What you will do>
Print the entries below word for word; the pictures stay out of your copy.
——————————
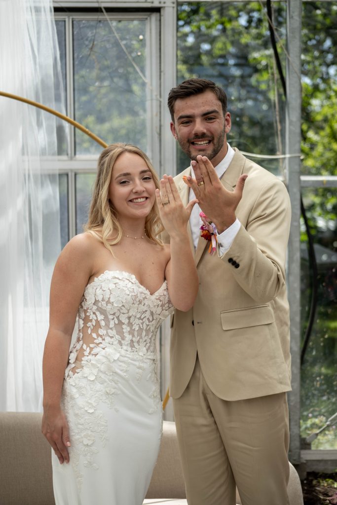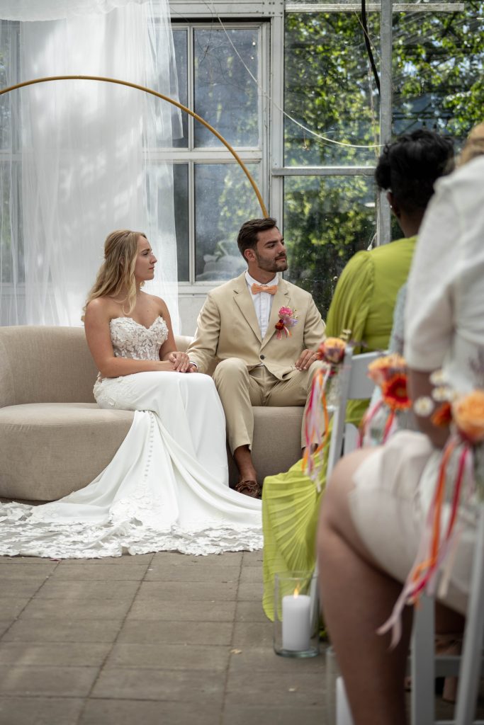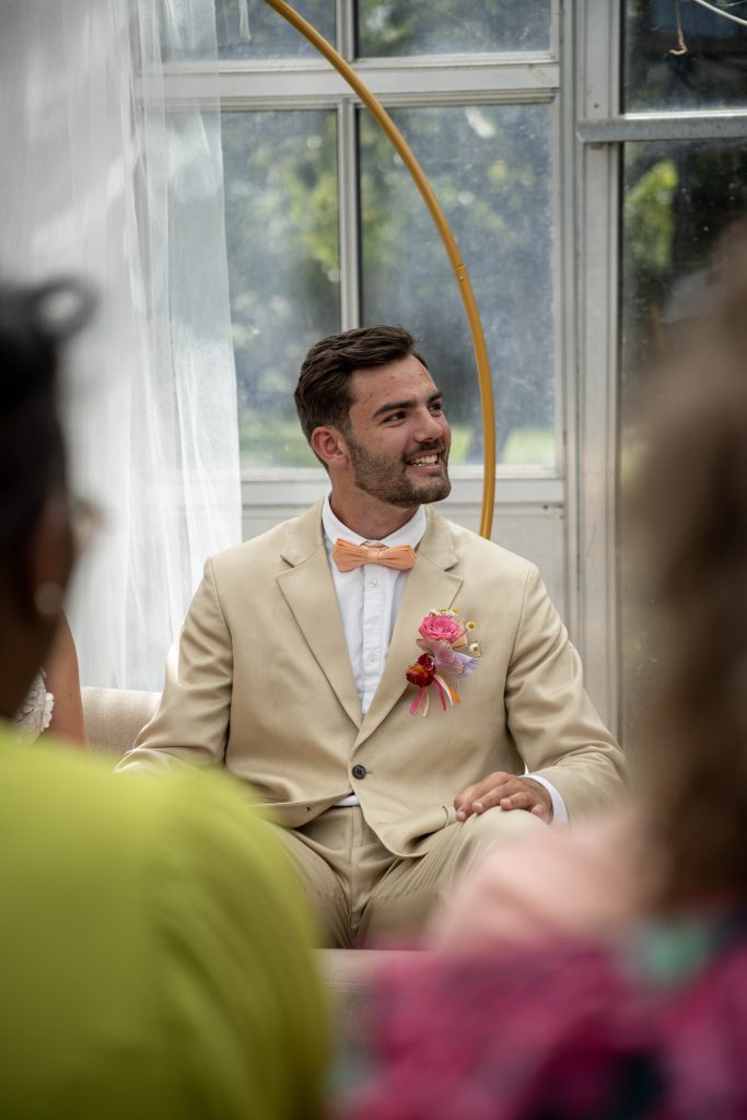De ceremonie vond plaats in de kas, midden tussen het groen. Door het mooie weer was het er flink warm, bijna tropisch, maar dat gaf het moment juist een extra sfeer. Omringd door familie en vrienden, met zonlicht dat door het glas naar binnen viel, spraken Dominique en Noa hun geloften uit. Een persoonlijk en emotioneel moment dat zichtbaar indruk maakte op iedereen die erbij was.
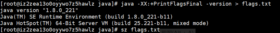 java -XX:+PrintFlagsFinal -version > flags.txt
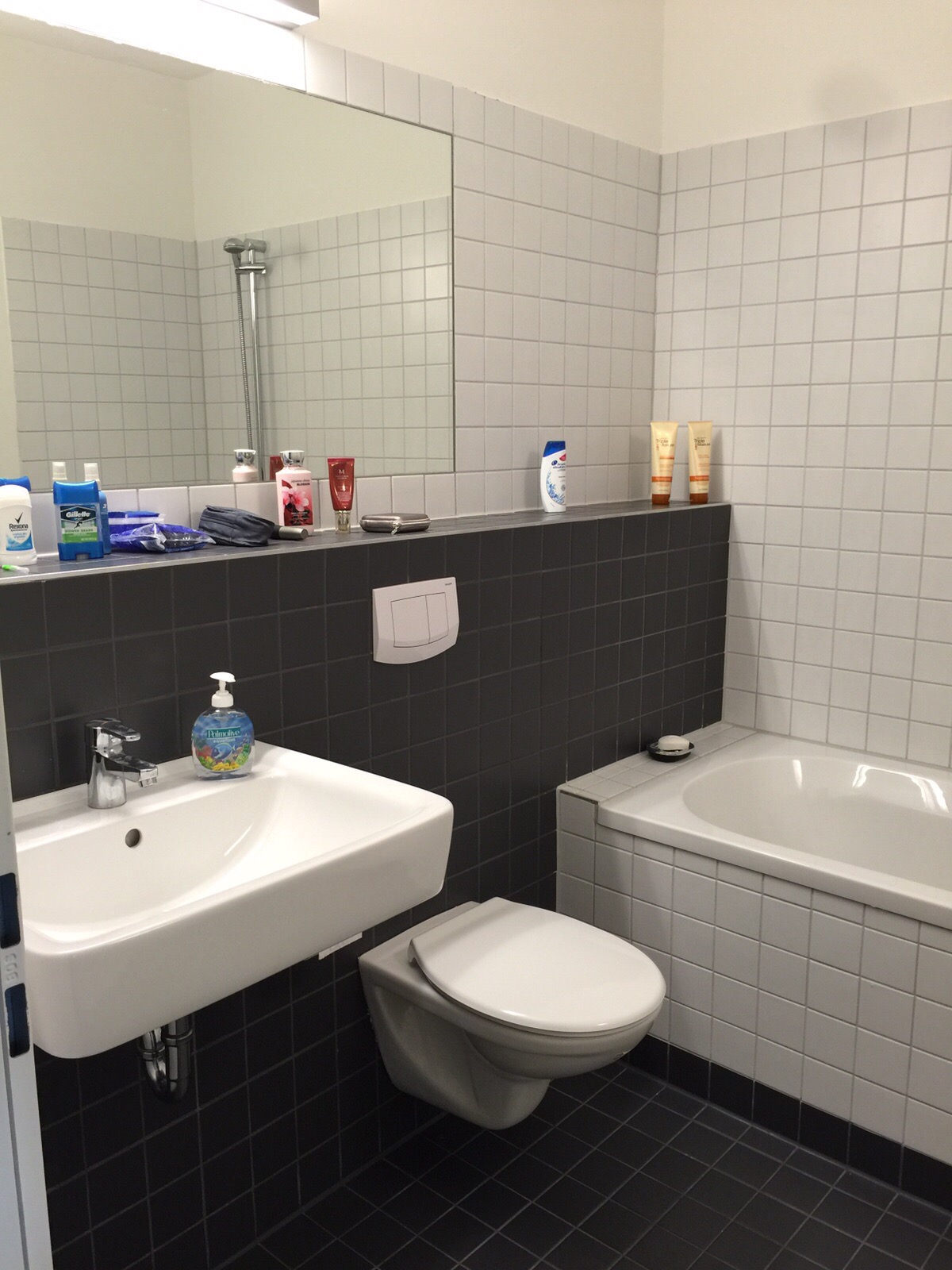 O banheiro é bem amplo e tem um secador de toalha. Muito útil no inverno! O chuveiro aqui fica dentro da banheira, seguindo a tradição alemã.
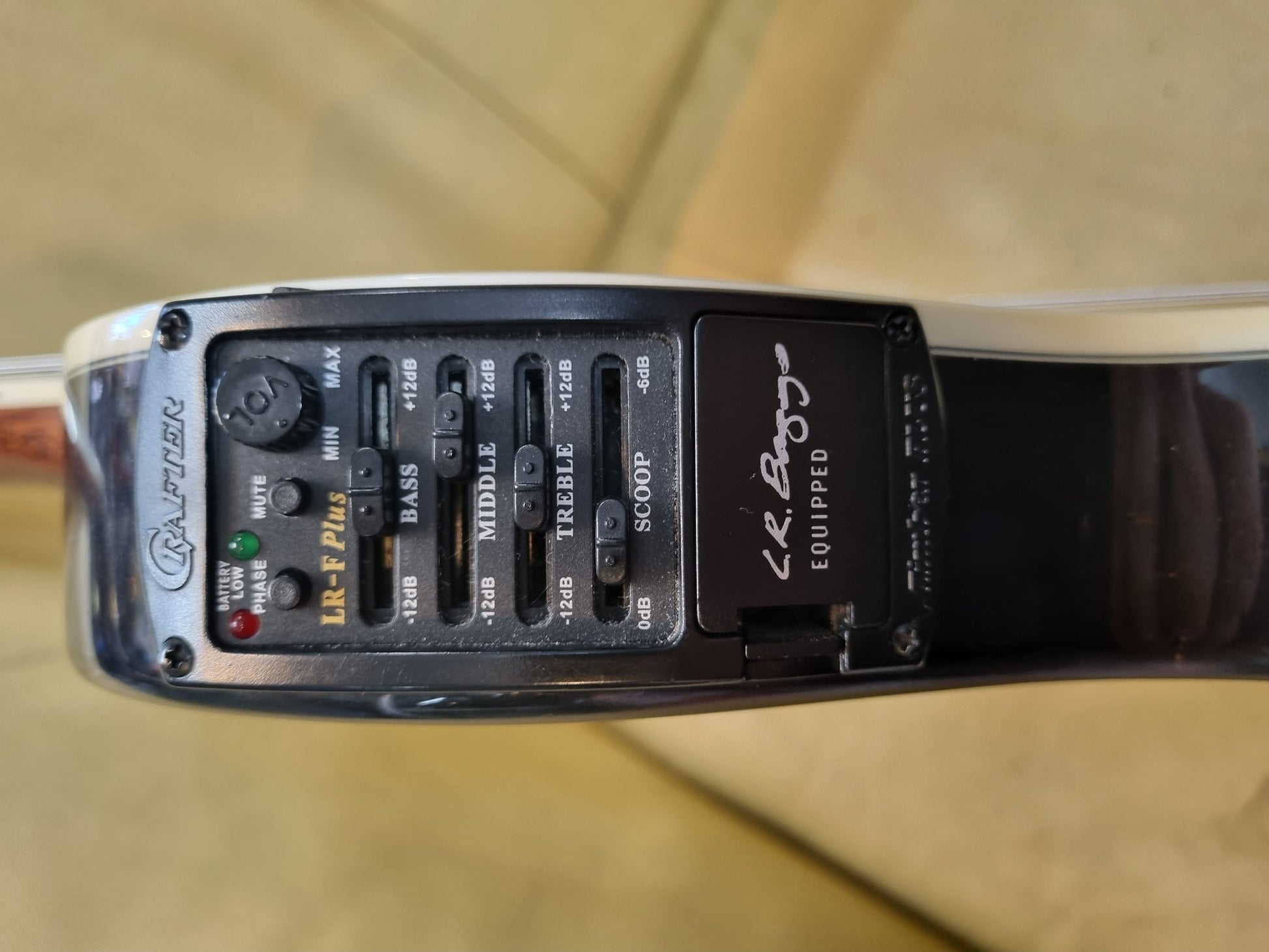 This thinline nylon string guitar features a comfortable, erganomic body shape, good volume acoustically and lovely fit and finish. Where it really shines is in its high quality LR Baggs pickup, making it the perfect workhorse for amplified playing. Its in good played condition with some superficial scratches and honest playwear.
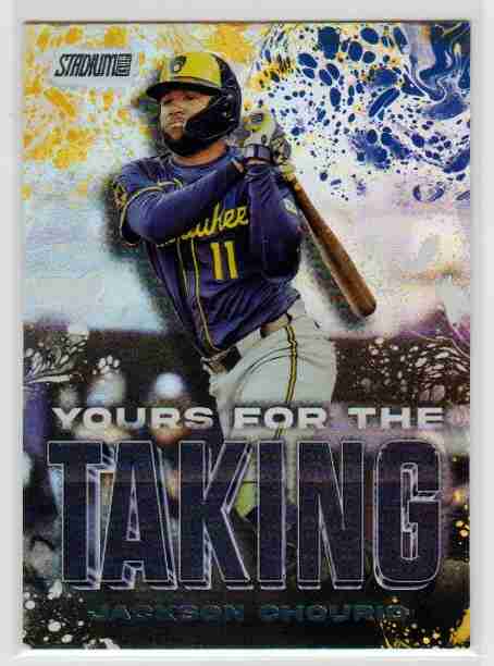 Please take a look at the photo for details on the card's condition. The card you are bidding on is the card pictured. This auction is for a 2025 Topps Stadium Club Yours for the Taking insert #YK-13 Jackson Chourio. If you have any questions or require more detailed images, please don't hesitate to ask. Note: The shipping price shown is for PWE. The card will ship with a tracking number if the final auction price exceeds a certain dollar amount (or when combined with some other completed auctions). Otherwise, the card will be shipped PWE. Thank you!
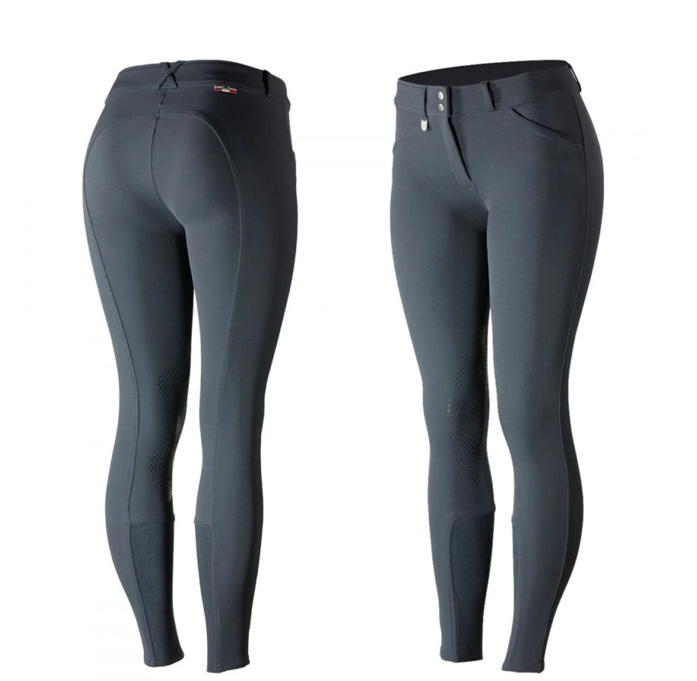 The Horze Women’s Grand Prix Knee Patch Breeches with Silicone Patches are Horze’s most popular, classic breeches that have been improved to offer even more benefits to riders of all disciplines and abilities. Approved by top professional athletes, these breeches are both traditional and formal. A contrasting knee patch silicone grip gives practical purpose to these sharp looking simple breeches. Slant front pockets, a wide waistband, and a smooth back are nice touches. You will look crisp and clean all day in this classic cut. The timeless Women’s Grand Prix Knee Patch Breeches, by Horze, now have a new silicone surprise at the knee. In addition, the water and dirt repellent fabric includes UV protection (UPF 50+).
——————————
Answer section>
De ceremonie vond plaats in de kas, midden tussen het groen. Door het mooie weer was het er flink warm, bijna tropisch, maar dat gaf het moment juist een extra sfeer. Omringd door familie en vrienden, met zonlicht dat door het glas naar binnen viel, spraken Dominique en Noa hun geloften uit. Een persoonlijk en emotioneel moment dat zichtbaar indruk maakte op iedereen die erbij was.
 java -XX:+PrintFlagsFinal -version > flags.txt
 O banheiro é bem amplo e tem um secador de toalha. Muito útil no inverno! O chuveiro aqui fica dentro da banheira, seguindo a tradição alemã.
 This thinline nylon string guitar features a comfortable, erganomic body shape, good volume acoustically and lovely fit and finish. Where it really shines is in its high quality LR Baggs pickup, making it the perfect workhorse for amplified playing. Its in good played condition with some superficial scratches and honest playwear.
 Please take a look at the photo for details on the card's condition. The card you are bidding on is the card pictured. This auction is for a 2025 Topps Stadium Club Yours for the Taking insert #YK-13 Jackson Chourio. If you have any questions or require more detailed images, please don't hesitate to ask. Note: The shipping price shown is for PWE. The card will ship with a tracking number if the final auction price exceeds a certain dollar amount (or when combined with some other completed auctions). Otherwise, the card will be shipped PWE. Thank you!
 The Horze Women’s Grand Prix Knee Patch Breeches with Silicone Patches are Horze’s most popular, classic breeches that have been improved to offer even more benefits to riders of all disciplines and abilities. Approved by top professional athletes, these breeches are both traditional and formal. A contrasting knee patch silicone grip gives practical purpose to these sharp looking simple breeches. Slant front pockets, a wide waistband, and a smooth back are nice touches. You will look crisp and clean all day in this classic cut. The timeless Women’s Grand Prix Knee Patch Breeches, by Horze, now have a new silicone surprise at the knee. In addition, the water and dirt repellent fabric includes UV protection (UPF 50+).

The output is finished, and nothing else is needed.